What you need to do: Could you restate word for word every line from the one containing "Распространение христианства в" to the end of the records, and nothing else?

Material for the task:
- Opening Delimiter -

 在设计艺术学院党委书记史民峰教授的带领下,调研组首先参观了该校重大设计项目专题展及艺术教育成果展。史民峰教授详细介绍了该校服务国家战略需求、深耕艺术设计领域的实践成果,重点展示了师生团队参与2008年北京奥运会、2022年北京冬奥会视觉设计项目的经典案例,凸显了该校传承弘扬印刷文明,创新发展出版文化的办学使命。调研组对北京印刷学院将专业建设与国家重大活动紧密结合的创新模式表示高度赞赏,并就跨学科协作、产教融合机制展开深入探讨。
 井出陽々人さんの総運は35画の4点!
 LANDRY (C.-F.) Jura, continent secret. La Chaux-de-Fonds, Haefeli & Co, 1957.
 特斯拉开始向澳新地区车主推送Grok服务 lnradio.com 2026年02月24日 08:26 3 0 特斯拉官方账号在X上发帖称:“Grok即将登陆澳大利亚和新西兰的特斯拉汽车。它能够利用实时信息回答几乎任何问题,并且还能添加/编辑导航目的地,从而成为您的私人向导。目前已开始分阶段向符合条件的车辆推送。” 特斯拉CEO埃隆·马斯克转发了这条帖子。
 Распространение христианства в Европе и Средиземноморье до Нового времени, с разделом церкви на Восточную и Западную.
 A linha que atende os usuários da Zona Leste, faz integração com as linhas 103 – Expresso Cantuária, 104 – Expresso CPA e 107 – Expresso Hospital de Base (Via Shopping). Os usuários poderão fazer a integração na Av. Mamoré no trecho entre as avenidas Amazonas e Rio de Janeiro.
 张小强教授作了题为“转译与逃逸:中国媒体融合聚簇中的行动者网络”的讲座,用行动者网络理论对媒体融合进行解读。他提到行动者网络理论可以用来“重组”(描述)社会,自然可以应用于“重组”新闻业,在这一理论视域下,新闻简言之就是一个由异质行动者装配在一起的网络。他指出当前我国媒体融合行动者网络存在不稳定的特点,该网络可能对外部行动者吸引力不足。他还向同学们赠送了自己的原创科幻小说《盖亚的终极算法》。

- Closing Delimiter -

Response:
 Распространение христианства в Европе и Средиземноморье до Нового времени, с разделом церкви на Восточную и Западную.
 A linha que atende os usuários da Zona Leste, faz integração com as linhas 103 – Expresso Cantuária, 104 – Expresso CPA e 107 – Expresso Hospital de Base (Via Shopping). Os usuários poderão fazer a integração na Av. Mamoré no trecho entre as avenidas Amazonas e Rio de Janeiro.
 张小强教授作了题为“转译与逃逸:中国媒体融合聚簇中的行动者网络”的讲座,用行动者网络理论对媒体融合进行解读。他提到行动者网络理论可以用来“重组”(描述)社会,自然可以应用于“重组”新闻业,在这一理论视域下,新闻简言之就是一个由异质行动者装配在一起的网络。他指出当前我国媒体融合行动者网络存在不稳定的特点,该网络可能对外部行动者吸引力不足。他还向同学们赠送了自己的原创科幻小说《盖亚的终极算法》。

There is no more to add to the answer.